Jack White
Boarding House Reach
- Third Man Records
- 2018
- 45 minutes
Cette semaine dans l’actualité, deux sujets qui sont flous, dont on ne parle que du bout des lèvres lors de conversations qui devraient être plus sérieuses, mais que l’on remet sans cesse à plus tard pour éviter de faire face au problème : La sécurité de nos données personnelles sur l’Internet et la carrière solo de Jack White.
Au milieu des années 2000-2010, alors que je blastais pour la 7345e fois le premier album des White Stripes sur la chaîne stéréo du salon avec des potes, mon ami Alex s’est exclamé : « Imagine comment ces tounes-là seraient meilleures avec un full band pis un vrai drummer! ». Sur le coup, j’ai souvenir d’avoir acquiescé. En y repensant par contre, j’ai réalisé que ce qui faisait en sorte que les White Stripes étaient un grand band, c’était justement le côté broche à foin assumé du duo.

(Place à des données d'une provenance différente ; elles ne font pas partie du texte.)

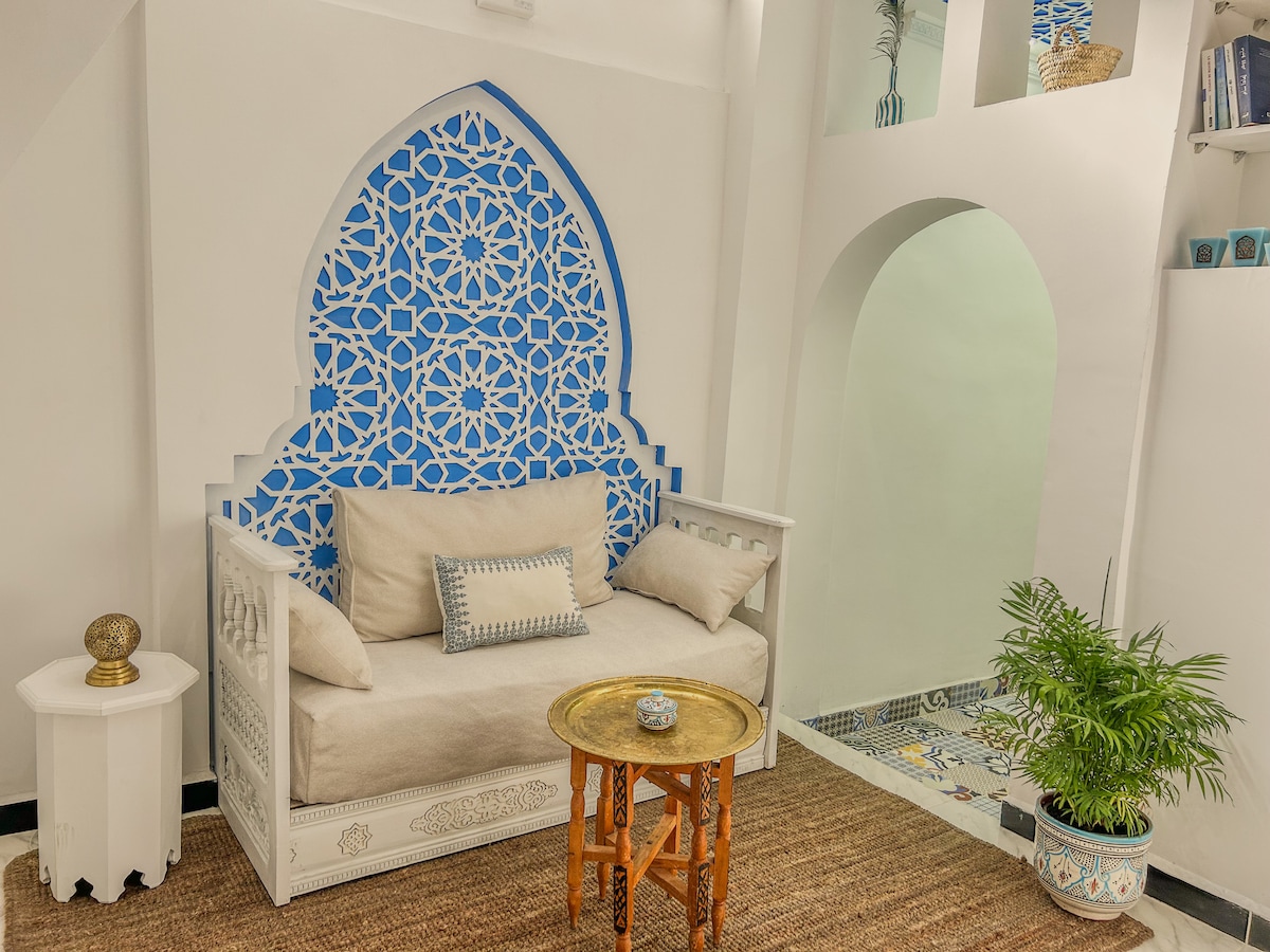 Profitez d'une expérience magique dans notre maison récemment rénovée, située au centre de la ville bleue. L'architecture arabo-andalouse authentique rencontre le confort moderne. De nombreuses attractions touristiques sont facilement accessibles à pied : boutiques d'artisanat, souk, kasbah, cafés, restaurants et banques à proximité. La place Outa el Hammam, la cascade Ras El Maa et la mosquée espagnole sont également facilement accessibles. Idéal pour les familles, les amis et les groupes.

Avec la qualité du songwriting de Jack White, pas besoin de fioritures. Ce qu’on aime, c’est entendre la guitare faire un gros feedback un peu croche sur une mesure battue approximativement par Meg White, qui à l’air complètement « bored ». Je pense encore que c’est un des plus grands bands qui a existé au 21e siècle.
17 ans après ma découverte des White Stripes grâce à un pote du Cégep, il se passe quoi avec Jack White ? D’abord, sans parler de son travail au sein des Dead Weather et des Raconteurs, il a finalement fait un album de rock bien liché avec des vrais pros : le correct Blunderbuss. Ensuite, il est revenu à la charge avec le très moyen Lazaretto et ses chansons sur le pilote automatique. Cette année, il est de retour avec Boarding House Reach, un album qu’il va probablement détester lui-même dans 6 mois.
C’est que le Jack White d’aujourd’hui se sent aventureux. Alors qu’il vouait un culte inébranlable au vintage et à l’analogue, monsieur flirte aujourd’hui abondamment avec les logiciels de musique de type ProTools. C’est d’ailleurs le principal talon d’Achille de l’album, qui n’est au final qu’une longue suite de collages et d’expérimentations irritantes assaisonnées de paroles improvisées ou carrément écrites 5 minutes avant d’enregistrer. Pour vrai, à part Over and Over and Over, qui a un peu plus de tonus que le reste, toutes les chansons semblent être des B-Sides que le Jack White de 2003 aurait foutu aux vidanges sans regarder en arrière. Je ne m’attarderai pas trop sur les cas individuels, mais il faut savoir que le gospel sans substance de Connected By Love prouve que ce n’est pas donné à tout le monde d’être Nick Cave, que la pièce Corporation donne le goût de casser ses écouteurs tellement elle est vide et gossante en raison des grands cris de « scream queen » qu’on y entend à outrance, que les effets sci-fi pseudo-conceptuels de Get in The Mind Shaft donnent mal au coeur et qu’il y a beaucoup, mais beaucoup trop d’interludes absolument inutiles (comptez-en au moins 5). Bref, c’est triste à dire, mais ce disque est une perte de temps totale.
Je comprends que Jack White est un genre de Bruce Wayne de l’industrie du vinyle et qu’il a désormais beaucoup d’autres chats à fouetter (une usine, un label, un studio, une salle de spectacle, un record store mobile, etc.), mais quitte à pondre une telle cochonnerie, il aurait pu attendre un autre 4 ans, ne serait-ce que pour attendre d’être véritablement inspiré. Un artiste a le droit d’essayer de sortir de sa zone de confort et d’explorer les possibilités. Par contre, en prenant un tel risque, ça se peut que tu te pètes la gueule. Juste le fait que cet album ait pu voir le jour prouve que White n’a pas beaucoup de jugement quand vient le temps de faire de l’autocritique et qu’il n’y a pas grand monde pour conseiller l’empereur dans son entourage. Venant du type qui a écrit les plus grands hits des années 2000, c’est carrément frustrant. Tout est raté. Même la pochette est une sainte horreur. Le dernier Queens of The Stone Age est un excellent disque en comparaison. Tu vois le genre?
Sérieux, je suis fucking déçu, Jack.